People use Super Mario to compare AI now

techtost.comBy techtost.com4 March 202502 Mins Read
Share Facebook Twitter Pinterest LinkedIn Tumblr Email
People Use Super Mario To Compare Ai Now
Share
Facebook Twitter LinkedIn Pinterest Email

The thought that Pokémon was a harsh reference point for AI? A team of researchers argues that Super Mario Bros. It’s even tougher.

Hao Ai Lab, a research org at the University of California, San Diego, threw AI on live Super Mario Bros. on Friday. Anthropic’s Claude 3.7 made the best, followed by Claude 3.5. Gemini 1.5 Pro and Openai’s GPT-4 fought.

It was not the same version of Super Mario Bros. as an initial liberation of 1985, to be clear. The game ran into a simulator and incorporated with a frame, Gamingagentto give AIS control over Mario.

Image credits:Hao lab

Gamingagent, which was developed at home, supplied AI’s basic instructions, such as, “If an obstacle or enemy is near, move/jump left to Dodge” and screenshots in the game. AI then created inputs in the form of Python code for Mario’s control.

Still, Hao says that the game has forced every model to “learn” to design complex maneuvers and to develop play strategies. Interestingly, the workshop has found that the models of reasoning such as the O1 of Openai, which “think” through step-by-step problems to reach solutions, performed worse than “non-erotic” models, despite being generally stronger at most benchmarks.

One of the main reasons why reasoning models find it difficult to play real-time games, such as they take a little time and seconds, usually decide on actions, according to researchers. In Super Mario Bros., the timetable is everything. One second can mean the difference between a jumping jumping clearing and a fall to your death.
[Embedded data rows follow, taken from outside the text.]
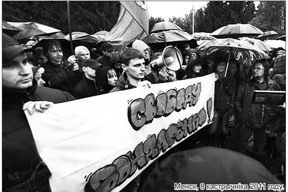
Менск, 8 кастрычніка 2011 году.

Праваабарончыя матэрыялы можна таксама прачытаць на сайтах: www.spring96.org ; www.charter97.org ; www.baj.by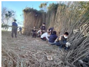
放置竹林伐採作業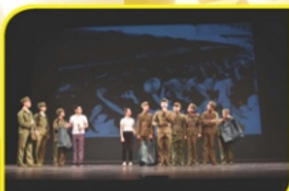
北大附中深圳南山分校——我想有個家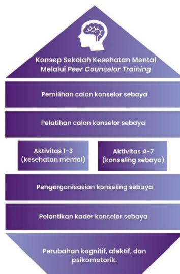
Gambar 2 Konsep Sekolah Kesehatan Mental Melalui Peer Counselor Training

terapeutik (Putra & Soetikno, 2018). Konsep sekolah kesehatan mental melalui peer counselor training ditunjukkan pada gambar berikut.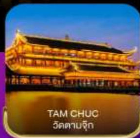
TAM CHUC วัดตามจุก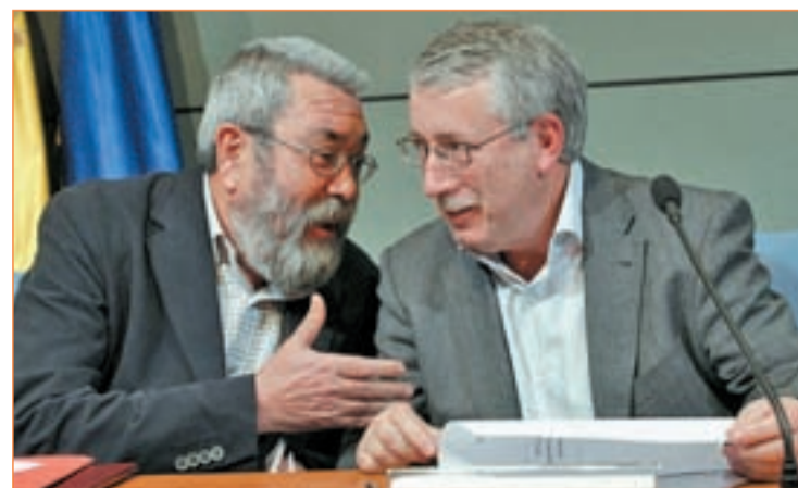
Los secretarios generales de los sindicatos CC.OO. y UGT

Por su parte, CC.OO. y UGT reconocen la necesidad de estas medidas, pero aseguran que la apertura de las negociaciones en este sentido están provocando un retraso en las conversaciones para la reforma de la negociación colectiva.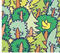
forest - las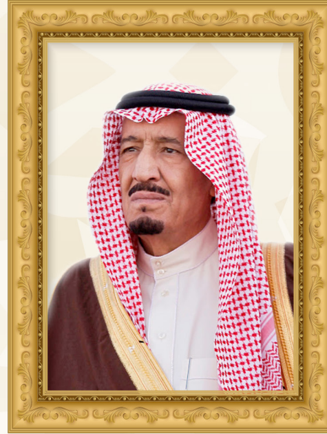
الملك عبد الله بن عبدالعزيز آل سعود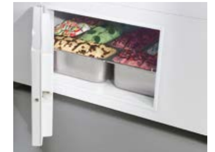
Storage cell Cella di riserva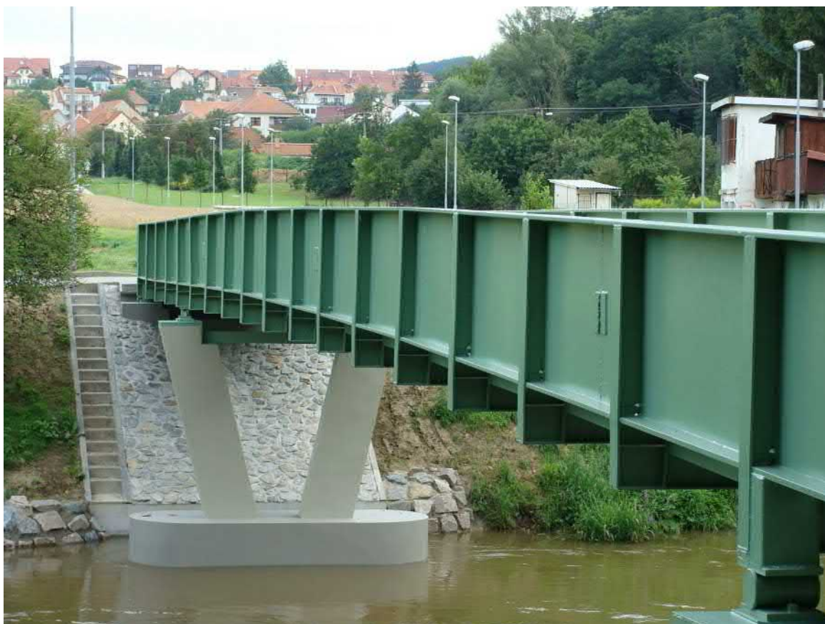
Lávka přes řeku dostala "nový kabát".

Zastupitelům a panu starostovi Bc. Martinu Žákovi se daří plnit úkoly, ke kterým se ve volbách zavázali. V obci přibylo zase několik dalších pěkných míst nejen pro obyvatele Kníniček, ale i pro přicházející návštěvníky.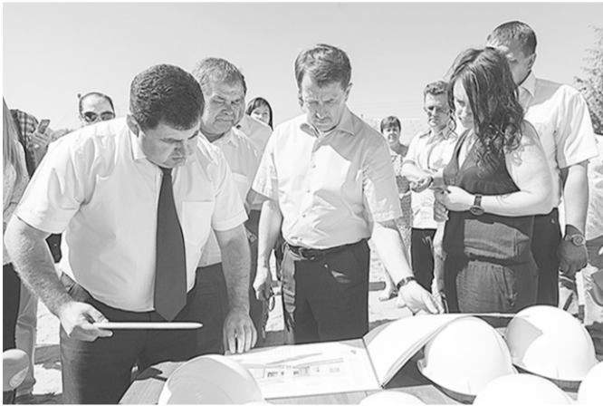
Алексей Гордеев знакомится с планом новой поликлиники в селе Митрофановка.

Затем в центре рабочего поселка Кантемировка Алексей Гордеев возложил цветы к стеле «Населённый пункт воинской доблести», которую установили ко Дню Победы. Напомним, что сражения на территории Кантемировского района в годы Великой Отечественной войны стали частью наступательной операции советских войск под названием «Малый Сатурн». В ходе боев за Кантемировку была разгромлена значительная группировка немецко-фашистских войск. В самом райцентре было захвачено несколько эшелонов противника с вражескими танками.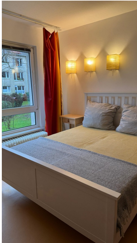
In etwa: Schlafzimmer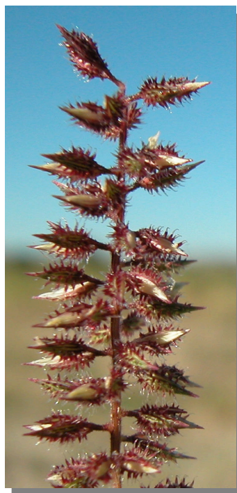
T. racemosus . Detalle de las espiguillas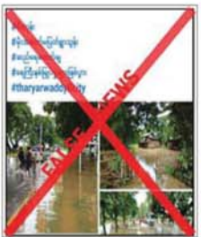
ရိုကြောင်း သိရသည်။ အဆိုပါ သတင်းနှင့်ပတ်သက်၍ သက်ဆိုင်ရာ ဆည်မြောင်းဦးစီး

ပဲခူးတိုင်းဒေသကြီး(အနောက်) သာယာဝတီခရိုင် ဇီးကုန်းမြို့နယ် တွင် မိုးအဆက်မပြတ် ရွာသွန်းမှုကြောင့် ဘော်ဘင်ရေလျှောင့်တစ် ရေပြည့်လျှံ၍ ဆည်ရေဖောက်ချမှုကြောင့် ရေကြီးနစ်မြုပ်မှုများ ဖြစ်ပွားနေသည်ဟု မဟုတ်မမှန်သတင်းများအား တရားမဝင် ပြည်ဖျက်ပြည်ဖျက်မီဒီယာ Tharyarwaddy 8 City က ရေးသားထုတ်ဝေလျက်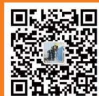
菏泽消防官方微信二维码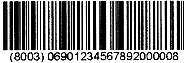
图 B.4 用商品条码 128 条码标识的 × × × 公司可回收塑料托盘条码标签示例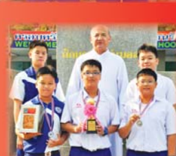
บาสเกตบอล S.D. CUP 58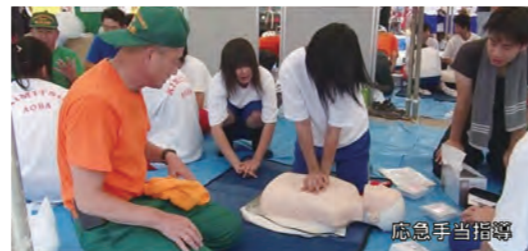
応急手当指導をする防災士

災害時に、自分や家族を守る「自助」、地域で助け合う「共助」、行政などと連携する「協働」を基本に、防災・減災に関する一定の知識と技能を身に付け、NPO日本防災士機構に認証された地域防災の担い手となる人です。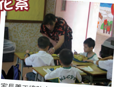
家長義工協助小一生進行午膳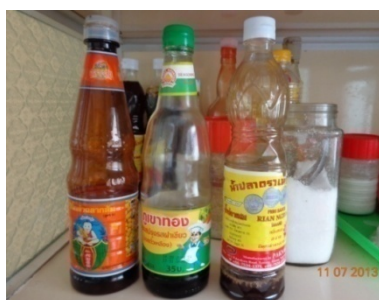
เครื่องปรุงรสอาหาร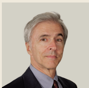
Του Πολ Μπλουστάιν Senior fellow του Center for International Governance Innovation

“ Το ένστικτό μου λέει ότι κατά το νέο έτος το ΔΝΤ θα βρει έναν τρόπο να ικανοποιήσει τις ανάγκες των Ευρωπαίων και θα συμμετάσχει στο πρόγραμμα, χωρίς κάποια συμφωνία για μεγαλύτερη ελάφρυνση του χρέους. Ίσως αποδειχθεί κρίσιμος παράγοντας η επιθυμία της γενικής διευθύντριας, Κριστίν Λαγκάρντ, να μη δημιουργήσει πολιτικά προβλήματα στην Άγκελα Μέρκελ. ”

Games have been used to compare AI for decades. But Some experts challenged wisdom Drawing links between AI game skills and technological progress. Unlike the real world, games tend to be abstract and relatively simple and provide a theoretically infinite amount of data to train AI.

The recent fancy gaming points shows what Andrej Karpathy, a researcher and founding member of the Openai, called “Evaluation Crisis”.

‘I don’t really know what [AI] measurements to look at the moment, ”he wrote in a Post in x. “My reaction is that I don’t know how well these models are right now.”

At least we can watch AI Play Mario.

compare Games Mario people reference points Super Super Mario Bros
Share. Facebook Twitter Pinterest LinkedIn Tumblr Email
Previous ArticleMicrosoft closes on Skype: Service for closure May 2025
Next Article General catalyst loses three top investors as the business extends beyond Venture, examines IPO
bhanuprakash.cg
techtost.com
  • Website

Related Posts

How VCs and Founders Use Inflated ‘ARR’ to Crown AI Startups

23 May 2026

Hark Raises $700M Series A for Secret ‘Universal’ AI Interface

22 May 2026

Six search engines worth trying now that Google isn’t Google anymore

22 May 2026
Add A Comment

Leave A Reply Cancel Reply

Don't Miss

Waymo halts freeway routes after robotaxi race in construction zones

23 May 2026

How VCs and Founders Use Inflated ‘ARR’ to Crown AI Startups

23 May 2026

Google prefers glitter with disco ball icons: “Are you sure you still want this?”

23 May 2026
Stay In Touch
  • Facebook
  • YouTube
  • TikTok
  • WhatsApp
  • Twitter
  • Instagram
Fintech

General Catalyst just led a $63 million bet in India’s travel payments market

21 May 2026

Startup Battlefield 200 applications close on May 27

21 May 2026

Venmo’s biggest makeover in years comes at a very interesting time

11 May 2026
Startups

This startup raised $43 million to create a hive mind for ships

Maka Kids redefines kids’ screen time with a streaming app optimized for wellness, not engagement

This new startup is taking on a fragrance industry that hasn’t changed in nearly half a century

© 2026 TechTost. All Rights Reserved
  • About Us
  • Contact Us
  • Privacy Policy
  • Terms and Conditions
  • Disclaimer

Type above and press Enter to search. Press Esc to cancel.